The depth of thinking in relation to the realities of where Irish farming should be going seems to be governed by a belief among a majority of politicians that if Ireland secures a decent portion of our existing CAP budget allocation then their job is done.
However, retention of our €1.6bn is only half the battle, in my opinion. The real issue for farmers is how the money — reduced or otherwise — gets divided.
I have over the last 12 months put forward a number of ideas on how any “New Deal” might be structured, so as to focus funds where they might do the most good.
Those farmers currently receiving a “cheque in the post” cannot continue to view it as a type of family heirloom to be handed down from one generation to the next when they retire.
We need to employ a more up-to-date reference period, so as to take account of those who are now working farms, and who have earned the right to draw on the public purse.

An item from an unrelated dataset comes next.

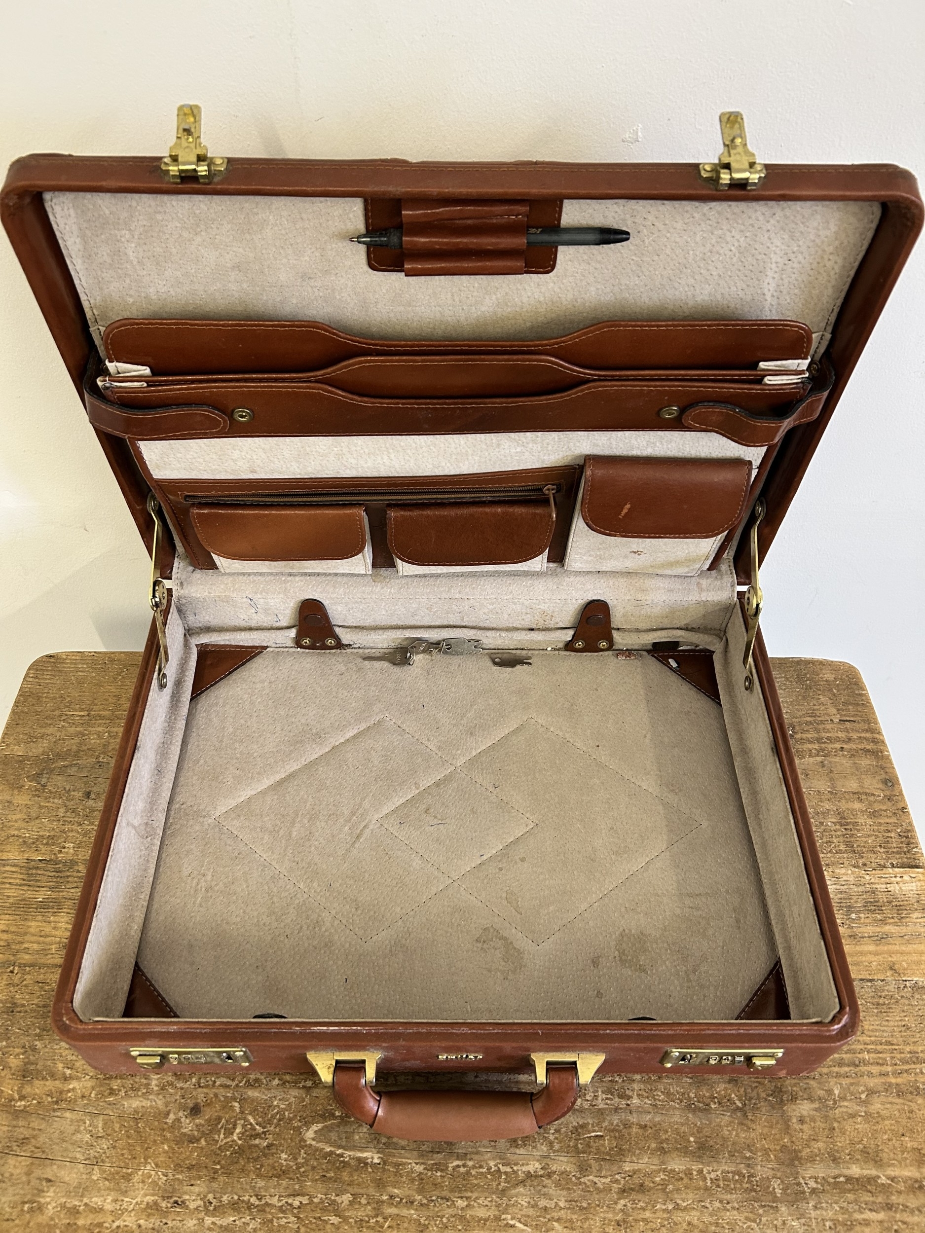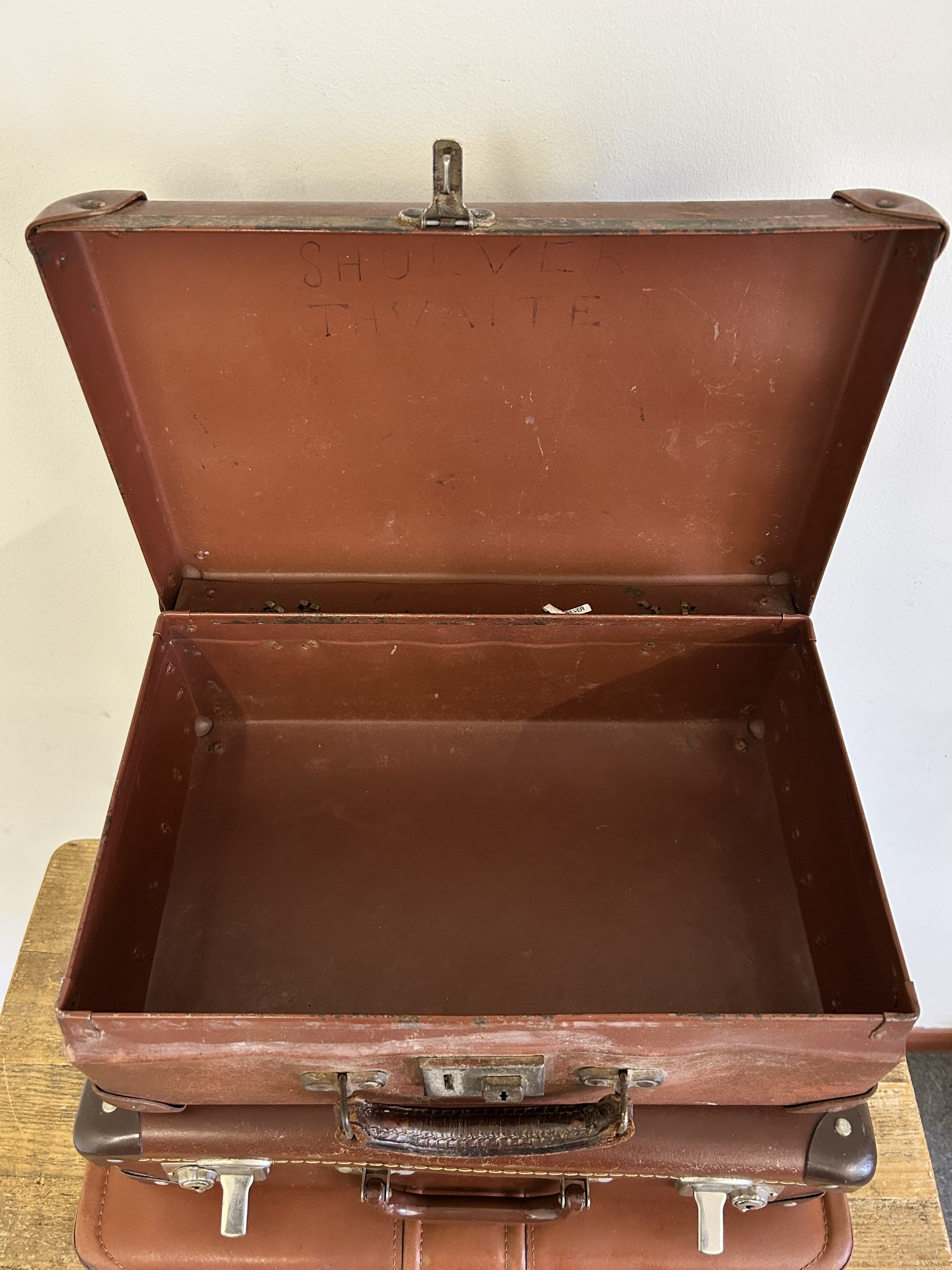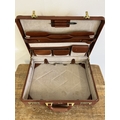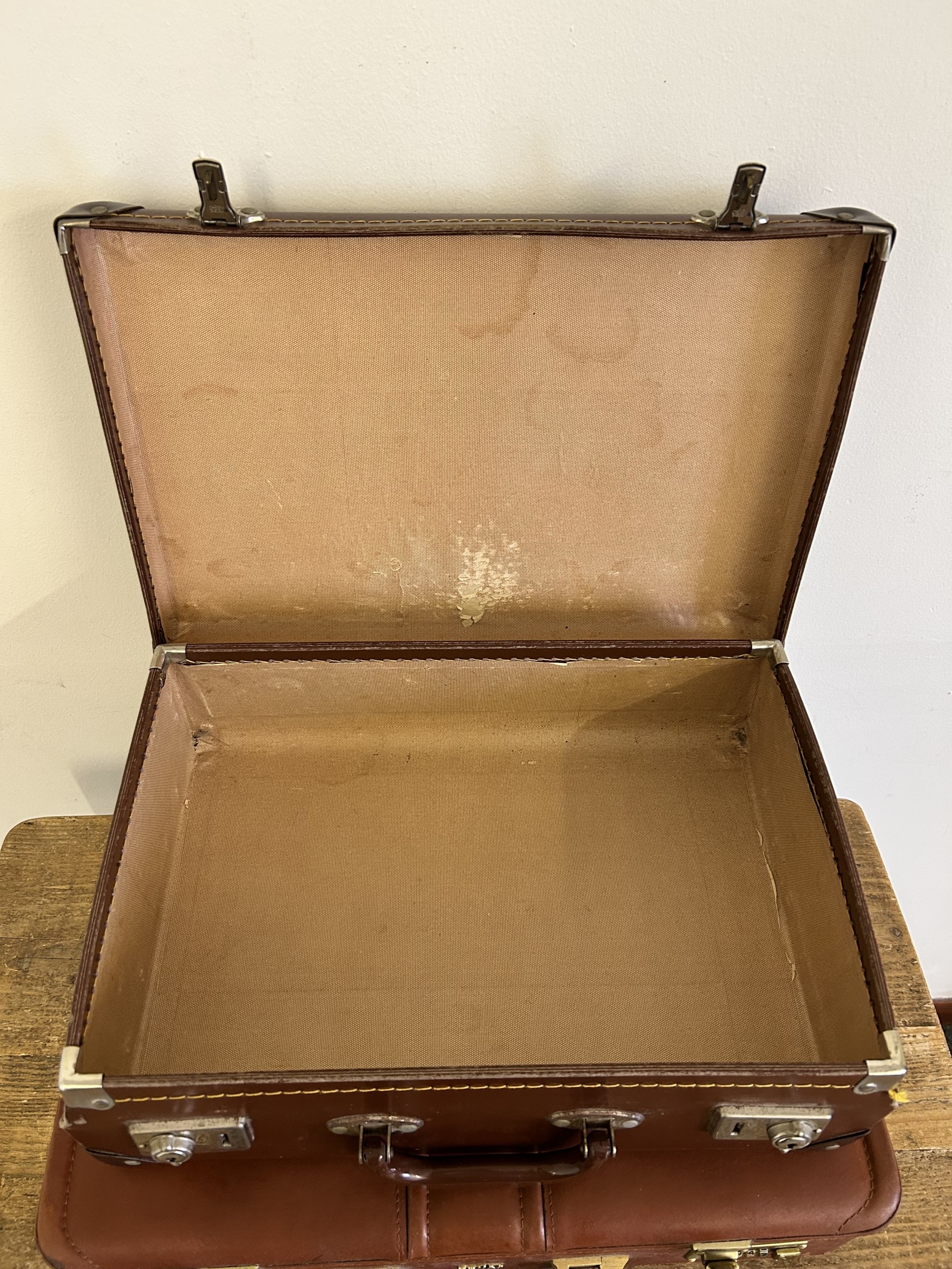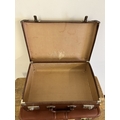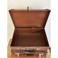 Two vintage leather style small suitcases plus a leather briefcase (with age related wear)

The new reference period would use information such as that in the Animal Identification and Movement (AIM) System, formerly known as CMMS, plus production data from the Department of Agriculture’s single farm payment records.
Some farm organisations seem to be focusing on a need to arbitrarily cap payments, but would not a more imaginative approach be to cap the amount of land any one individual can draw subsidies on, coupled with a new payment system that would front-load payments on say the first 60 hectares, after which a sliding scale would apply up to a maximum of an additional 100 hectares?
The principal focus of this idea is to protect and encourage the mid-range family farm, which is the backbone of agricultural production in Ireland.
Returning to the importance of retaining as much of our CAP take as possible, a question that has not been asked — to the best of my knowledge — is whether farmers can expect a zeroing of the take from their payments for modulation, in a new CAP.
Doing so would help balance the cumulative effect of inflation (14% from 2004 to 2011) on farm payments.
Not doing so would mean that should the EU reduce the CAP by 5% this week, our loss in real terms is inflation of 14%, plus modulation of 10%, plus the possible CAP cut of 5%, totalling 29%.
While Minister Coveney and farm leaders rightly concentrate on the proposed cut in the overall EU budget, it is inflation and modulation payments that have really hammered us.